After coming under fire from all sides over its housing benefit cap, the coalition is consoling itself with the thought that most voters support the policy. The government has calculated that Ed Miliband’s decision to side with so-called “benefit scroungers” will cost him in the long run.
But regardless of the rights or wrongs of the policy itself, it’s the pragmatic objections that are coming to the fore. Particularly troubling for the coalition should be today’s warning from the National Housing Federation that its decision to increase rent simultaneously for new tenants to 80 per cent of the market rate will lead to a higher benefits bill and sap work incentives.
As the body’s chief executive, David Orr, explains: “Because it is based on near-market rents, the new funding model will trap thousands of tenants in welfare dependency because they will simply not be able to earn enough money to pay for their homes without the support of housing benefit – which means the benefit bill for new low-cost housing will go through the roof.”

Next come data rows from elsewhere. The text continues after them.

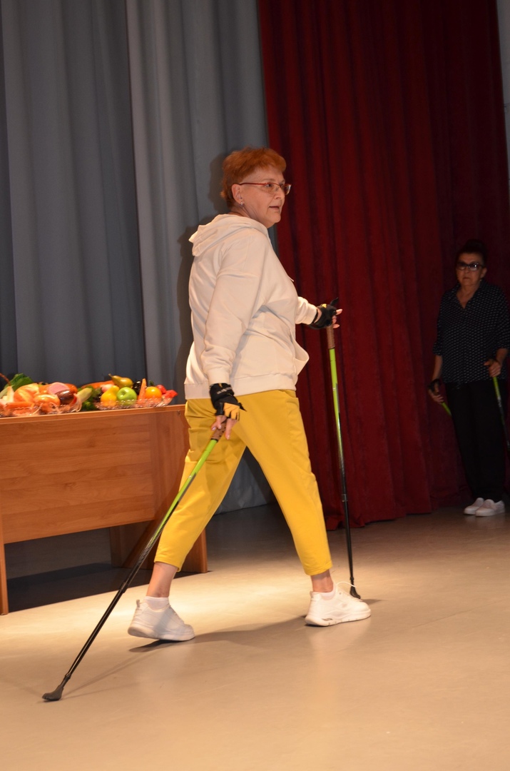 Врач по медицинской профилактике, демонстрируя правила и технику скандинавской ходьбы, убедила многих заняться этим видом физической культуры.
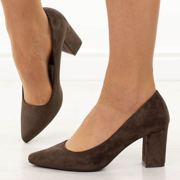 Czekoladowe czółenka damskie na słupku Sergio Leone Pb414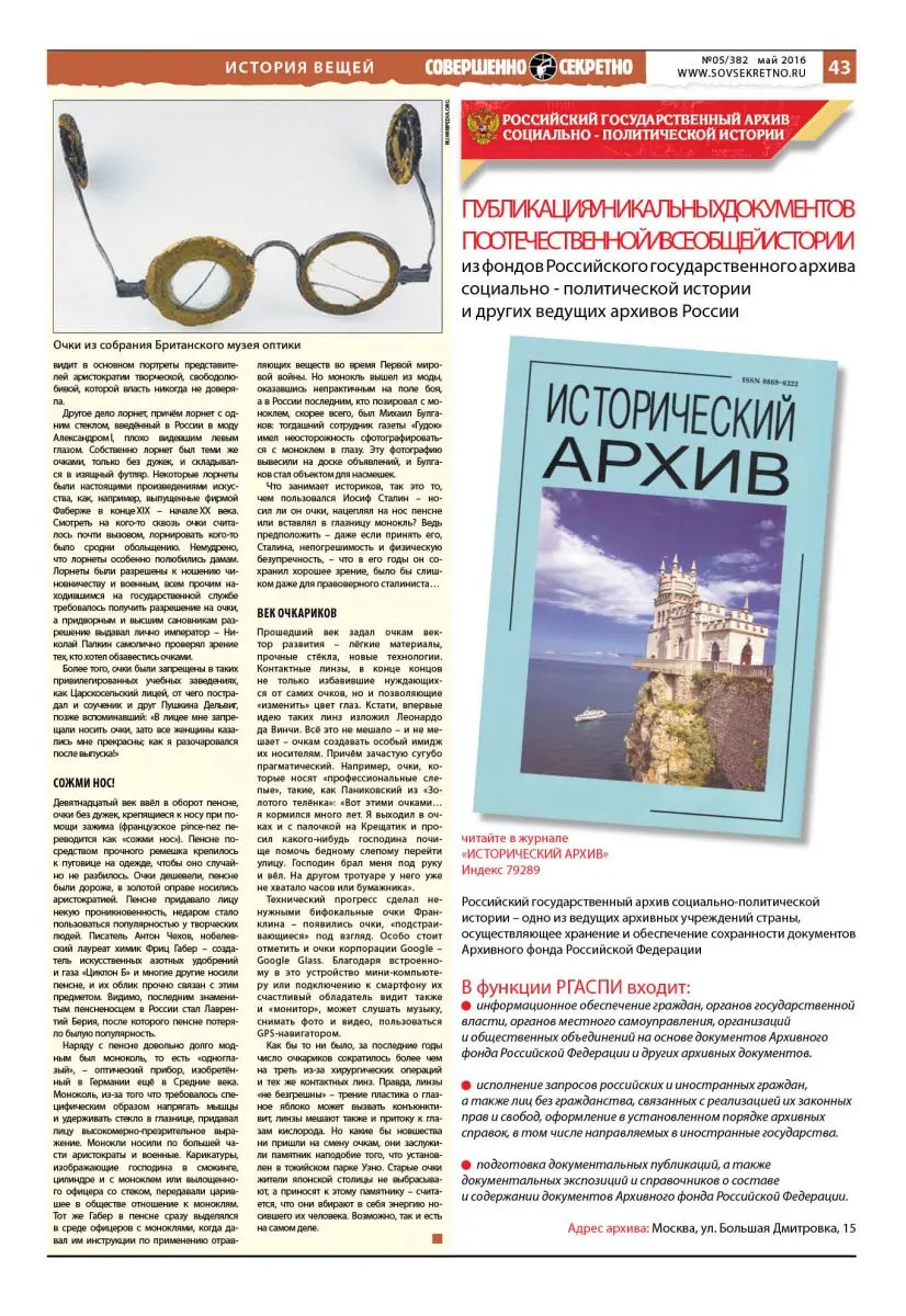 Что занимает историков, так это то, чем пользовался Иосиф Сталин – носил ли он очки, нацеплял на нос пенсне или вставлял в глазницу монокль? Ведь предположить – даже если принять его, Сталина, непогрешимость и физическую безупречность, – что в его годы он сохранил хорошее зрение, было бы слишком даже для правоверного сталиниста…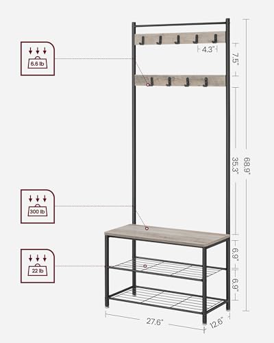 VASAGLE - فاساجيل رف معطف للمدخل مع مقعد للاحذية منظم احذية شجرة قاعة عملية 3 في 1 رمادي واسود UHSR41MB خشب مُصنع سبيكة صلب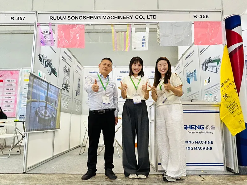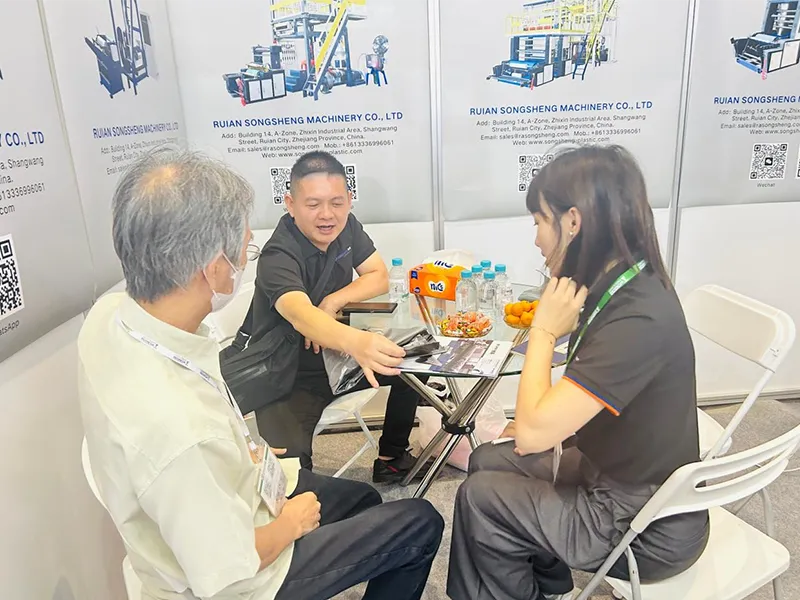 At the heart of Songsheng's exhibition was the showcase of their latest technological advancements designed for efficiency, reliability, and smart manufacturing. The centerpiece of their booth was the newly launched ABC courier film blowing machine, a high-performance machine featuring High production with strong film quality, energy-saving technology reducing power consumption by up to 30%, enhanced precision for complex components.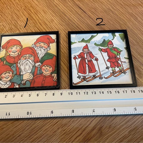 Dukkehus-møbler, Juletid Nr 1 er Solgt, Flotte jule billeder i sorte rammer med søde nisser til dukkehuset eller nissebo. nu vi nærmere os den hyggelige juletid sælges pris 25 kr PR STK. jeg sender køber betaler Porto

Like so much else, the coalition’s housing reforms are premised on the belief that the private sector will generate sufficient jobs for the unemployed. But with PricewaterhouseCoopers already warning that the sector will generate 600,000 fewer jobs than originally forecast by the OBR, that’s increasingly looking like an unsafe bet. The greatest risk for the coalition is that their welfare reforms come to be seen as not just unfair, but unwise, too.